15 июня поутру я пробирался к Николаевскому бульвару[27] — пункту, откуда, согласно решению участников памятного собрания на Пересыпской эспланаде, должна была начаться демонстрация рабочих. События последних дней выявили слабость одесских социал-демократических организаций. Призрак революции шествовал по улицам Одессы. Политическая стачка подвела одесский пролетариат к самому порогу вооружённого восстания. Но одесские социал-демократы оказались не в состоянии возглавить движение. Меньшевики старались охладить революционный порыв пролетариата, а большевики были слишком ослаблены арестами. Рабочие захватили улицу, строили баррикады, но в их руках не было оружия для борьбы с войсками.
Сегодняшний день должен был решить судьбу движения. Всё зависело от того, будут ли вооружены рабочие. Предложение штурмовать арсенал было отклонено. Но в центре города находилось несколько оружейных магазинов. Решатся ли на их захват рабочие или революционный порыв начнёт угасать?
О нет!.. Порукой этому — тысячная толпа рабочих, запрудившая все улицы центра.

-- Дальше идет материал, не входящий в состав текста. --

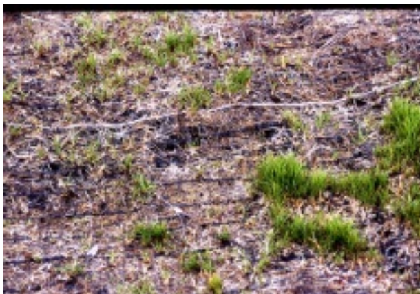
2002年8月高密度区 一部成長しているが元気なし

左の写真は、播種翌年(2001年)の夏の様子です。赤線で3つに仕切られていますが、高密度区(写真左側)には約1万粒/m 2 、中密度区(同右側)には約5千粒/m 2 、低密度区(同右上)には約3千粒/m 2 の種子(厳密には果実)を播き、春から夏にかけて成長し、緑が少しわかるようになった状態です。播種密度の高かったところでは緑が濃く見えています。ところがさらに1年、2年と経過すると、次の写真のようになりました。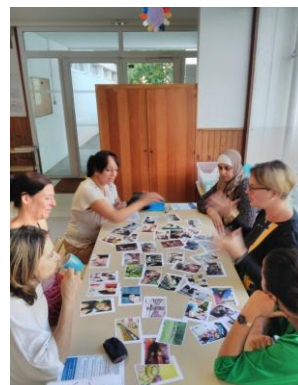
Stand Moi(s) Sans Tabac 24 octobre 18

ESCM, MVC St Etienne, épicerie sociale du CCAS à partir de janv. 2019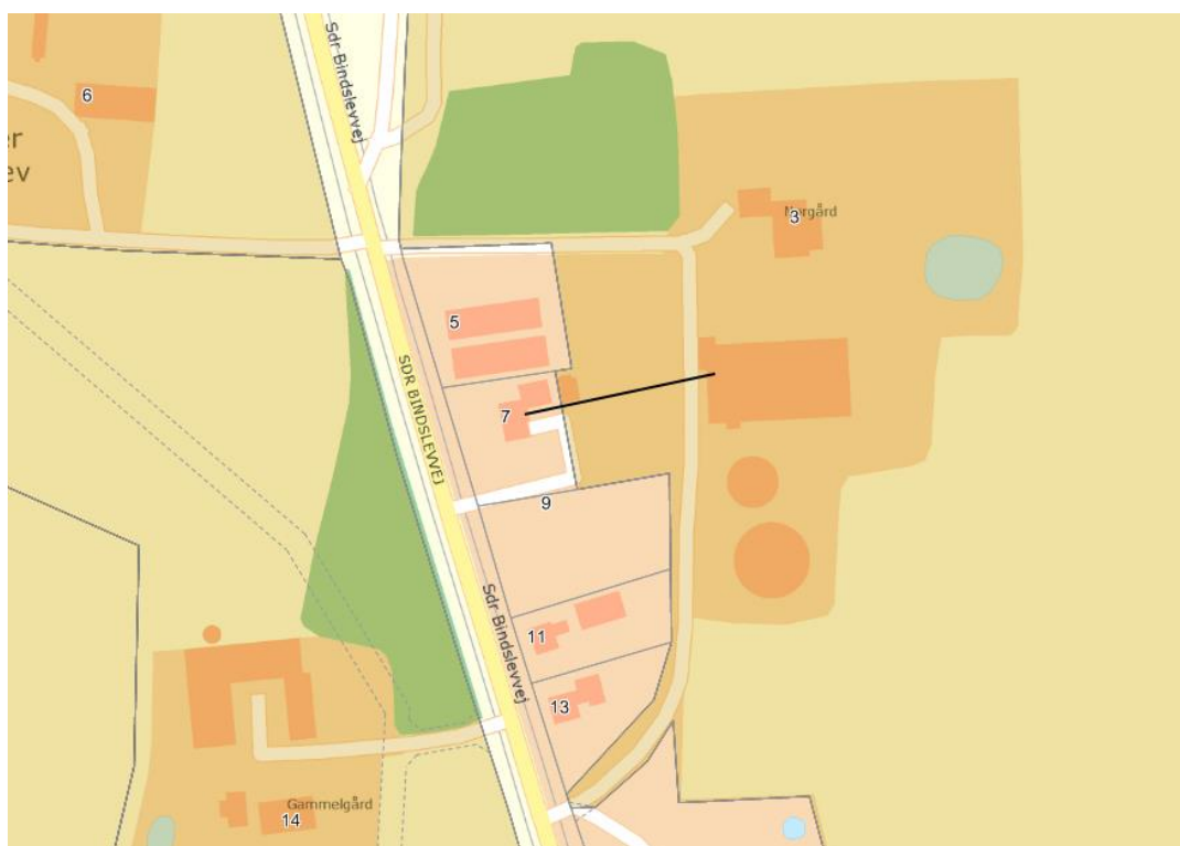
Figur 3: Nærmeste nabo med uden landbrugspligt

Som det ses af Tabel 5 , overholder den ansøgte produktion lovens minimumskrav til lugtgeneafstande til de forskellige typer af beboelser i området.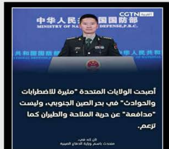
أصبحت الولايات المتحدة "ميرة للاضطرابات والحوادث" في بحر الصين الجنوبي، وليست "مدافعة" عن حرية الملاحة والطيران كما تزعم.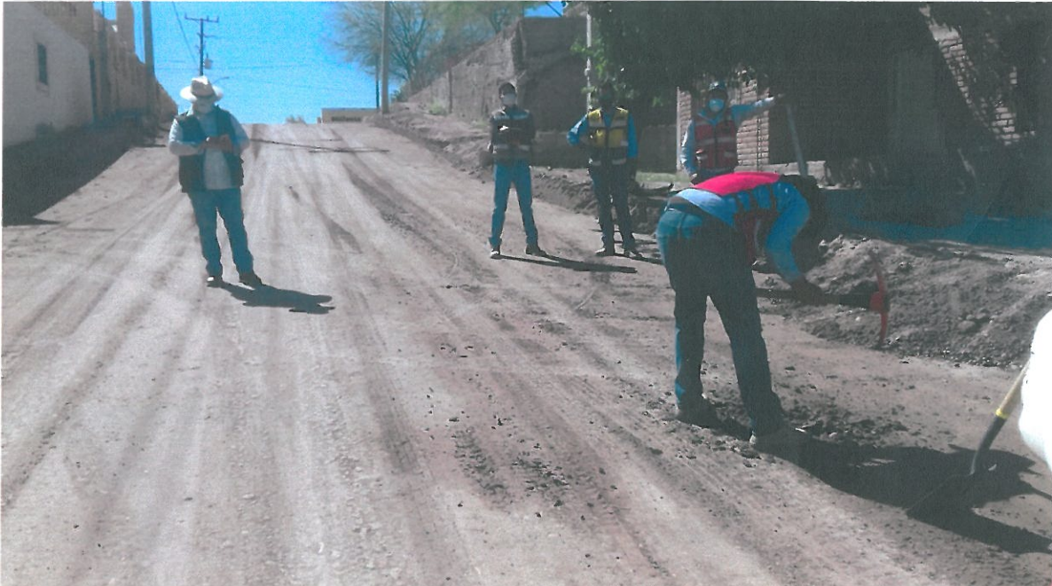
TOMA DE MUESTRA DE SUBRASANTE CON CAL, PARA DETERMINAR SU CALIDAD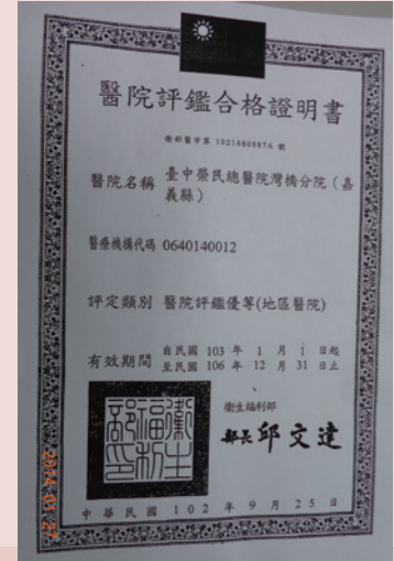
臺中榮民總醫院灣橋分院獲醫策會102年度新制醫院評鑑，評定為「優等」。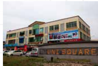
Unisquare, Kota Samarahan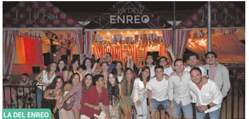
LA DEL ENREO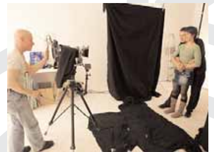
Fotoaktion im Fotografie Forum

Der erste Auftritt der UN-Kampagne bei der Nacht der Museen war ein voller Erfolg, deshalb sind weitere Events in anderen Städten schon auf dem Plan des UN-Teams.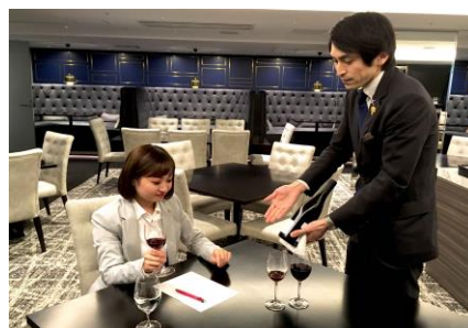
ワイン講座イメージ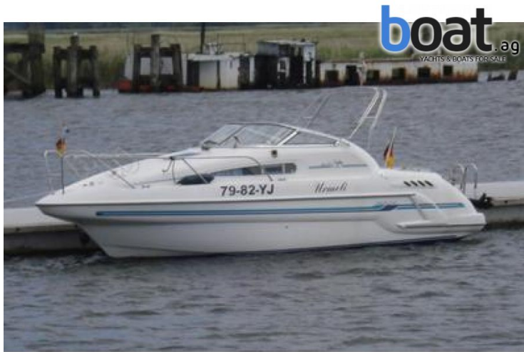
Aussenansicht - Bild 1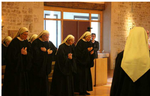
Chant du suscipe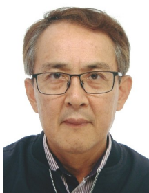
客委會 主任委員 吳文德

【到職日】111年12月25日 【主要學歷】國立政治大學民族學系碩士。國立臺北大學金融與合作經營學系畢業。 【主要經歷】臺北市政府原住民族事務委員會約僱人員、秘書。 【考試】 【通訊處】臺北市市府路1號探索館5樓 【公務電話】27205981

Чем ближе к Николаевскому бульвару, тем больше народу. Из переулков на широкий Екатерининский проспект вливались массы людей. Какой-то особенный рокот, точно жужжание гигантского встревоженного улья, нёсся по улице. Было празднично и оживлённо.

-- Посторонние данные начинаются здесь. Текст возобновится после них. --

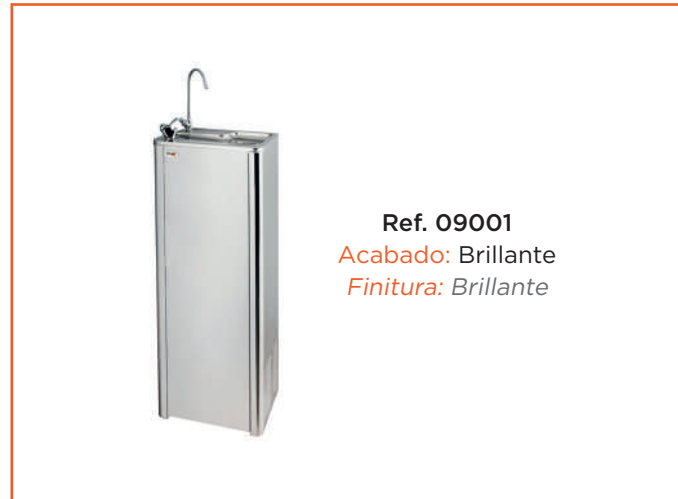
Ref. 09001 Acabado: Brillante Finitura: Brillante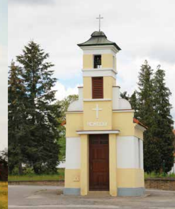
Kaple – Záblatí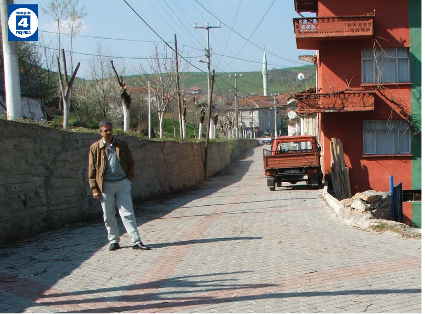
Kızderbent Üstyapı Düzenlemesi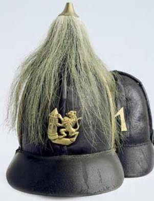
Helme der Freiwilligen Feuerwehr Meißen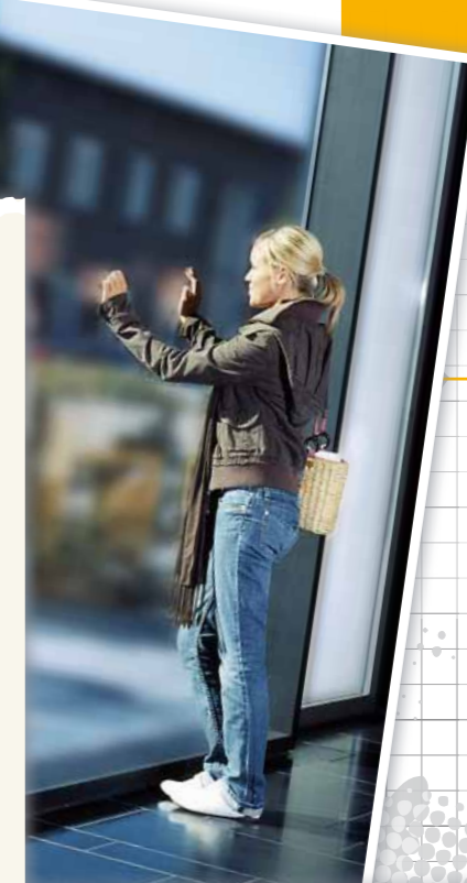
HU-Studentin im Physik-Institut

Besonders zu erwähnen ist dabei IRIS. Das Integrative Research Institute for the Sciences verzahnt universitäre mit außeruniversitären Einrichtungen und innovativen Unternehmen und spiegelt somit die Adlershofer Stärke der grenzübergreifenden Kooperation wider. Die IRIS-Partner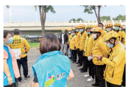
顺义区总工会开展新就业形态劳动者入会宣传工作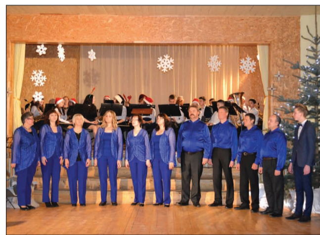
Pasākumā "Ziemassvētku serpentīns" Plāņu tautas namā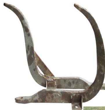
43. Навесен Браздилник 1.50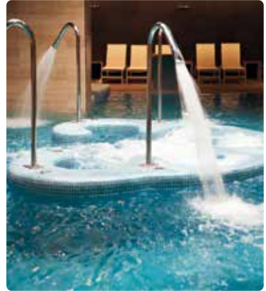
Piscine thermale à base d'eau de mer

Les piscines sont des systèmes en boucle semi-ouverts qui souffrent constamment des pertes d'eau à mesure que leur eau s'évapore. Les piscines demandent un entretien constant et nécessitent d'ajouter différents produits chimiques pour lutter contre les bactéries, les algues et conserver une bonne qualité d'air, conformément aux normes imposées. Vulcan améliore nettement la qualité de l'eau et renforce les propriétés de certaines substances.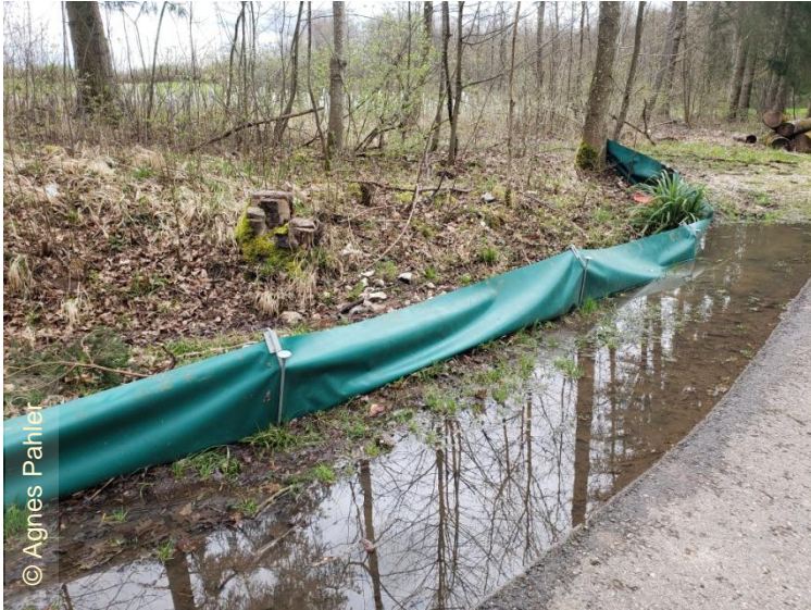
9. April 2023: Wasser staut sich

На конспиративной квартире, куда я зашёл по одному поручению, мне сообщили, что на одесском рейде бросил якорь броненосец, восставший против правительства.

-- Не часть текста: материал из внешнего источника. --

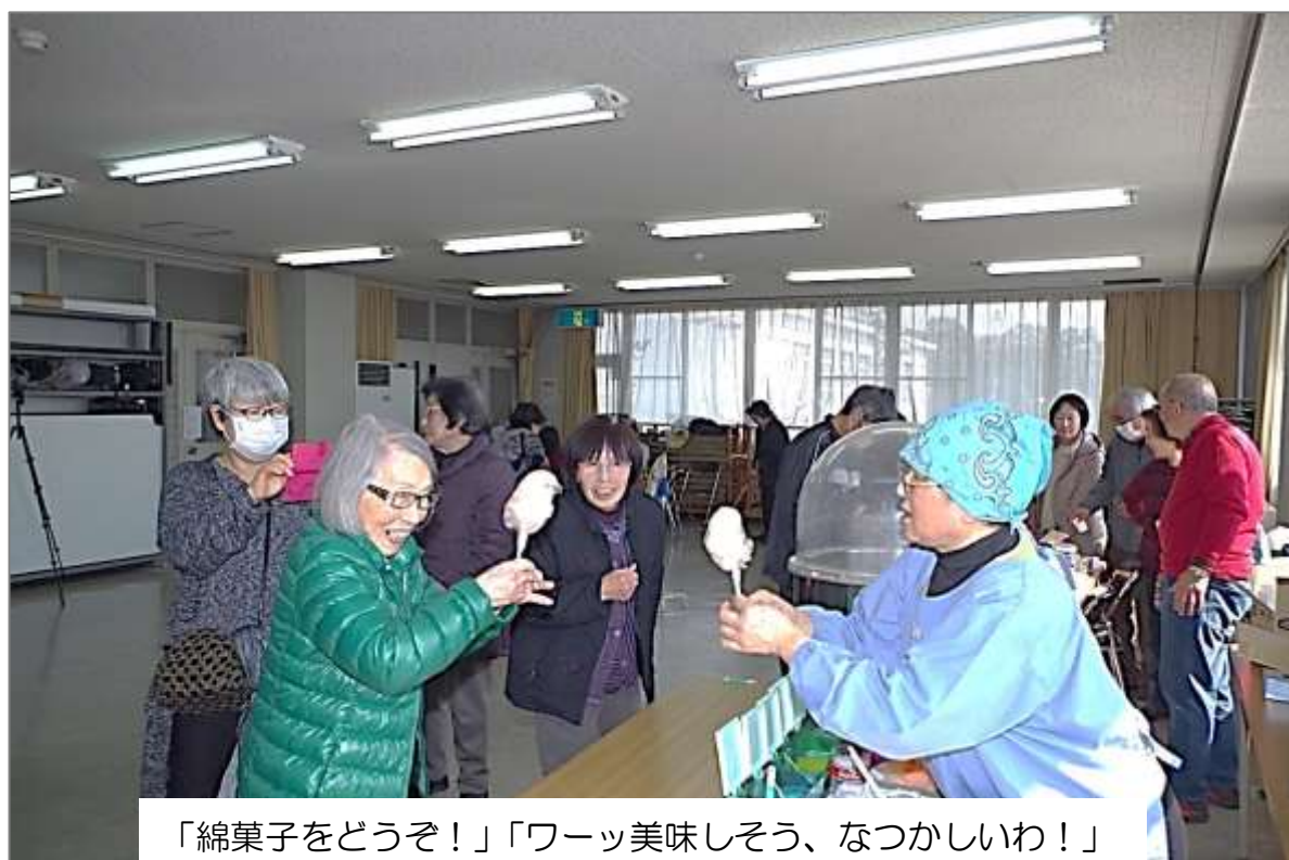
「綿菓子をどうぞ!」「ワーツ美味しそう、なつかしいわ!」

Я побежал на Николаевский бульвар, откуда открывалась великолепная панорама одесского рейда. Прямо передо мной далеко в море стоял броненосец — стальной и могучий гигант. Никогда не забыть мне этой минуты!
Я бросился в порт. Туда вместе со мной бежали люди, радостные и встревоженные. На полицию и казаков никто уже не обращал внимания. Из всех районов стекались сюда колонны рабочих. Чем дальше, тем труднее становилось пробираться через плотные ряды людей.
Я добежал до палатки, в которой находилось тело убитого матроса. На груди Вакуленчука лежало воззвание к одесситам. Горели свечи. Было жарко. Кто-то плакал. За палаткой кричали «ура».
Власти ошеломлены и растеряны. Войск мало, да и те ненадёжны. Следовало немедленно заставить матросов высадить десант, вместе с рабочими захватить город и основать здесь революционную власть.
Революционная ситуация подсказывала эти мысли каждому, кто в эти дни бился на баррикадах, кто почувствовал силу восставшего пролетариата, кто пережил эту тоску по оружию. Рабочие мечтали о винтовках, а к ним на помощь пришла мощная артиллерия броненосца. Мы верили, что даже не обученные военному делу рабочие сумеют овладеть городом, дай им только в руки огнестрельное оружие. И вот открывается возможность сражаться под прикрытием пушек, биться бок о бок с отрядом хорошо обученной морской пехоты!.. Броненосец — да ведь сила его равна мощи пехотной дивизии! Это знали все жители приморского города.
Незабываемую картину представлял в эти часы одесский порт. Десятки тысяч людей заполняли эстакады и огромную набережную. По гигантской лестнице, соединяющей порт с орлиной вышкой Николаевского бульвара, и дальше, вдоль красивейших эспланад Одессы, спускались неисчислимые массы манифестантов. Сотни шлюпок бороздили воды гавани. Одесский пролетариат совершал паломничество к революционному кораблю. Плыли целыми семьями; отцы гребли, а матери держали на руках детей. Все везли матросам гостинцы, купленные на последние гроши: табак, чай, сахар и т. п. Рядом с броненосцем, на тысячетонном угольщике, копошились сотни рабочих: то были счастливцы, которым удалось попасть на погрузку угля для броненосца.
Освещённые яркими лучами южного солнца, на фоне морской синевы все эти радостные, возбуждённые толпы производили впечатление какого-то величественного революционного праздника.
У гроба Вакуленчука толпились рабочие, грузчики и матросы торговых кораблей. Они отлично поняли меня, когда в речи, обращённой к ним, я рассказал им о возможности захвата города революционным народом. Судя по шумному одобрению, которым они встретили мои слова, можно было заключить, что и им не чужды такие мысли.
Грузчики приволокли шлюпку, чтобы доставить меня на броненосец.
— Ступайте, товарищ, в добрый час, — такими словами напутствовал меня один пожилой грузчик. — Возвращайтесь с матросами и с ружьями для нас. И передайте команде броненосца, что она может рассчитывать на это, — кончил он, протянув свои мозолистые, крючковатые от многолетних трудов руки.
Нужно было спешить к броненосцу. Не было времени сноситься с партийной организацией, и я решил действовать самостоятельно.
Из гавани на буксире миноносца выходил угольщик. На палубах его теснились сотни людей. Они пели «Варшавянку», а с берега толпа ежеминутно отвечала могучим «ура».
Навстречу мне, плавно рассекая волны, мчался военный катер. Один из сидевших в нём матросов обратился ко мне:
— Куда направляетесь?
— К свободному революционному кораблю, — ответил я.
— А вы кто такой будете? Социал-демократ?
— Да.
— Ну так садитесь к нам.
Я пересел на катер. Говоривший со мной был Матюшенко.
— Это наш начальник и командир, — сказал мне один из матросов.
Через пять минут я был уже в адмиральской, где заседала комиссия «Потёмкина»[28].